Hanning, now at the Oregon State Library, wasn’t easily deterred. Her college experience made her miserable, but she persevered. “I try to succeed in spite of these things or go to a place that’s better for me,” Hanning explains. “I didn’t doubt myself or my ability.”
No matter their generation or library setting, the women who find technology and libraries a compelling combination share certain qualities. The women interviewed here are, like Hanning, confident. They are also skilled communicators and risk-takers, people who seek challenges and prefer working in teams. They revel in new gadgetry, but they never forget it’s all about a positive user experience. As a group, they represent a hybrid librarian—someone who is equally fascinated by emerging technologies and how to use them to improve library services.
Living the digital life
For the hybrid librarian, keeping pace with change is integral to who they are. Hanning calls this “living the digital life”: seeking out and sampling new tools, troubleshooting your own technology, and making time to play. “Everyone can find their level of expertise.

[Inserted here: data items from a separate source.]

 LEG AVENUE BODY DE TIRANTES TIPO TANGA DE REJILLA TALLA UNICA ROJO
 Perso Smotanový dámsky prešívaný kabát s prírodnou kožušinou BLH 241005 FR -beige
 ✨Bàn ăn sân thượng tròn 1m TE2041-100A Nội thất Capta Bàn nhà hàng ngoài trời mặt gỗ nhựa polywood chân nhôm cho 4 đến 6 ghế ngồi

Everyone can learn one new thing a month,” she says.
Orange County Library System’s (OCLS) Wendi Bost is also naturally curious and explains, “I’m not a technogeek, but I love technology.” For example, she decided to run a presentation from a digital picture frame to avoid carrying a laptop and asked for help until she figured it out. “There’s a curious, pushy New Yorker inside me,” she says. “But I hate that image, so I ask a lot. If I can’t do it, I want to know why not.”

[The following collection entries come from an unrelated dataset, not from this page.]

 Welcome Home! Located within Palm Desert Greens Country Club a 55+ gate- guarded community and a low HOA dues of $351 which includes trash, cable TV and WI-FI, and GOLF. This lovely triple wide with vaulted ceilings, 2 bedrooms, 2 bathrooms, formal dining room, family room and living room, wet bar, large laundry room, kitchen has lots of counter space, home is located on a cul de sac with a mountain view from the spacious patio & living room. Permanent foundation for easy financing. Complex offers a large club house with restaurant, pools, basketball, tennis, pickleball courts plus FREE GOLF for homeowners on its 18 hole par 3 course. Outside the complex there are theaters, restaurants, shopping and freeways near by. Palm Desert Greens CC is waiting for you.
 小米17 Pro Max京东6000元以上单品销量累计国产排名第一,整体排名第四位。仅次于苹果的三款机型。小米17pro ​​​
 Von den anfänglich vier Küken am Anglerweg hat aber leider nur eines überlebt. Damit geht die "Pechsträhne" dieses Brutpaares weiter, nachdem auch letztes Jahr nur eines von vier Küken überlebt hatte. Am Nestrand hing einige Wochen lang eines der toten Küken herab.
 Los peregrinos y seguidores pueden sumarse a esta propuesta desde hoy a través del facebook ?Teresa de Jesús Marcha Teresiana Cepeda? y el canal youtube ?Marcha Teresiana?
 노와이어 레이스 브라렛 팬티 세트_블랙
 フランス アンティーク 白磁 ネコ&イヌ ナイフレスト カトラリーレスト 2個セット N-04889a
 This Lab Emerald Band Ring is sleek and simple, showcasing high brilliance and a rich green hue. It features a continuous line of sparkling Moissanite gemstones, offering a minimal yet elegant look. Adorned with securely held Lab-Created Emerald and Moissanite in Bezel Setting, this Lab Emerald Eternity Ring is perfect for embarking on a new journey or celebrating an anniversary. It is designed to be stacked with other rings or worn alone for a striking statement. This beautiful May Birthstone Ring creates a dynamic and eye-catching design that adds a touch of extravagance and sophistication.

Curiosity often gets Bost into pioneering territory with her vendors. Asking why a damaged set of DVDs couldn’t be replaced led to a new streaming option for her customers. Asking why children’s circulation was flat led to using Nielsen ratings and watching children’s television to discover what might grab their attention. This brought gaming into the collection, even though she struggled with vendors who didn’t want to sell the games to her. “But games are about expanding your mind and figuring things out,” she laughs.
Bost advises libraries to embrace people who “understand how computers speak” and always wonders, “How can we be part of the here and now?” OCLS even has a trend-watching group.

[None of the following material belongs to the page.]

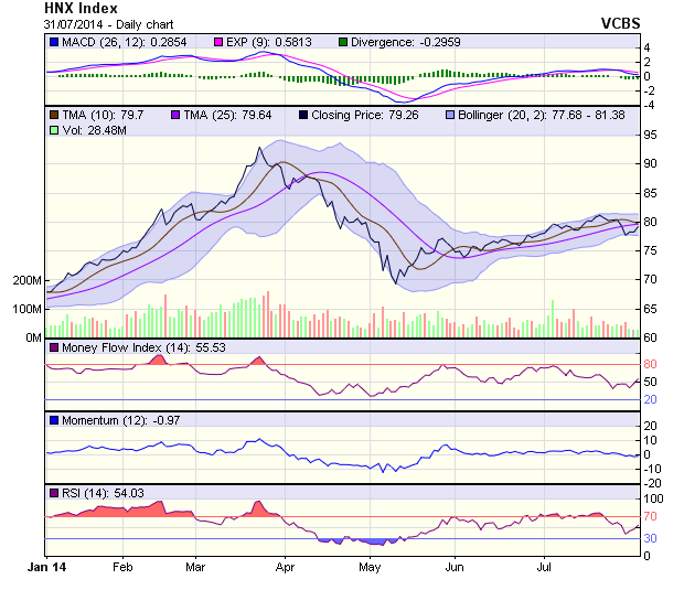Trên sàn HNX, SO, RSI đảo chiều hướng lên trên cùng DI cũng thu hẹp lại. Tuy nhiên với thanh khoản vẫn khá yếu thì xu hướng của HNX-Index vẫn chưa có sự thay đổi nào. Theo đó xác suất giảm điểm là vẫn còn, với ngưỡng hỗ trợ gần nhất của HNX-Index là ngưỡng 76 điểm.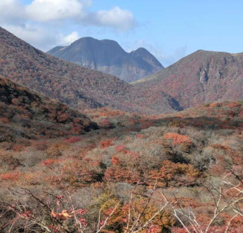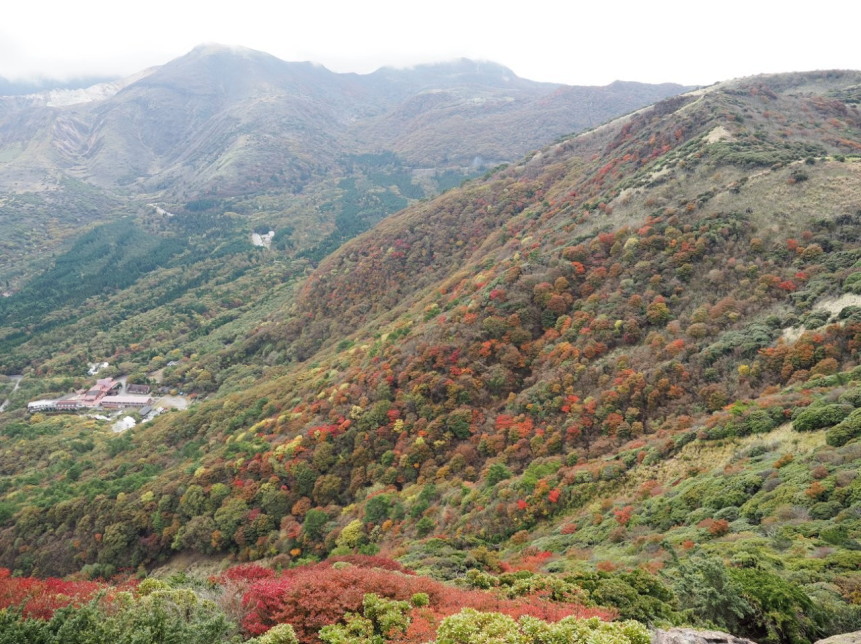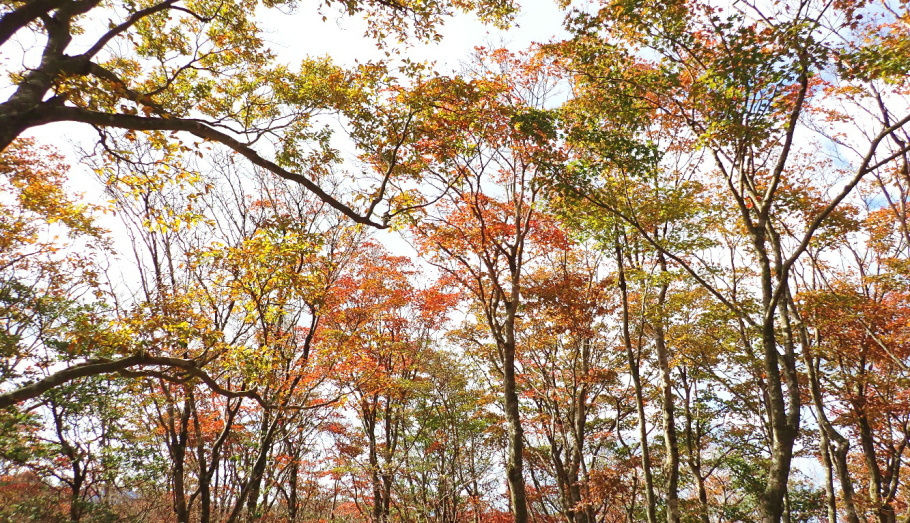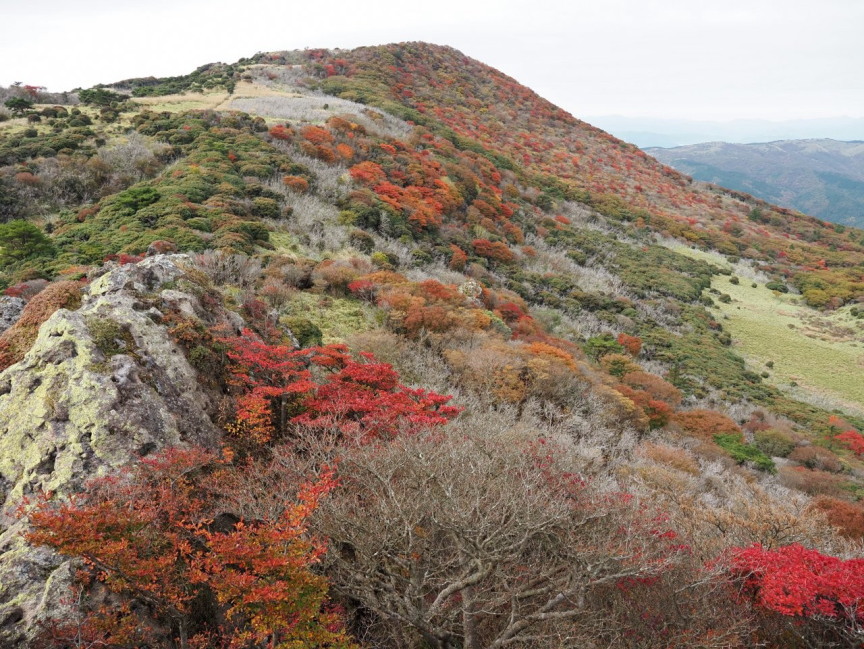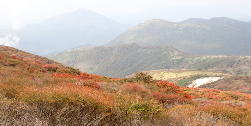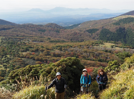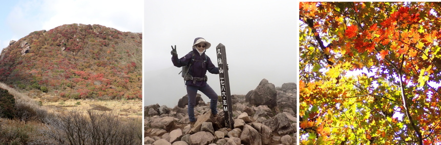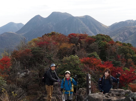 | ■2025.11.04: 黒岩山・泉水山 【参加者:三栗、毛利眞、岡村眞由美・繁雄】 九重町コミュニティバス(長者原8:26 ⇒ 牧ノ戸峠)\500 で、牧ノ戸峠から出発。 津行さん宅へ新米の受け取りかたがたに、天候の良い日を選定し、黒岩山⇒泉水山⇒長者原のコースを3時間30分のゆったり行程で、楽しんできました。 曇りで太陽の陽ざしがあれば、より紅葉も浮き立って見えたのですが、それでも周辺の斜面はまずまずの紅葉でした。 |

Like Hanning and Bost, Indiana University’s Michelle Dalmau naturally blends work and life. She enjoys a flexible schedule and admits, “I’m a night owl. I sleep with my laptop. Work and life are blurred.”
Found in translation
The role of translator comes naturally to a hybrid librarian. Judy Russell can tell you about that. Effective May 1, she takes on a new role as dean of university libraries at the University of Florida, Gainesville. This follows time in another top spot, the 22nd Superintendent of Documents for the U.S. Government Printing Office (GPO). As the first woman to hold that post, she knew she had to prove herself to those who were “intrigued” about her abilities as a library technology leader. “But my communication skills rose above that,” she explains. “Users need to trust you, and tech folks need to trust that you know the limitations.”
Russell’s career extends back to the late 1960s, when she began gathering technical requirements for information systems and shepherding those plans into a product for people to use and enjoy. She describes herself as a “filter between these two worlds,” someone who can “marry the desires of users with the capabilities of technical people.”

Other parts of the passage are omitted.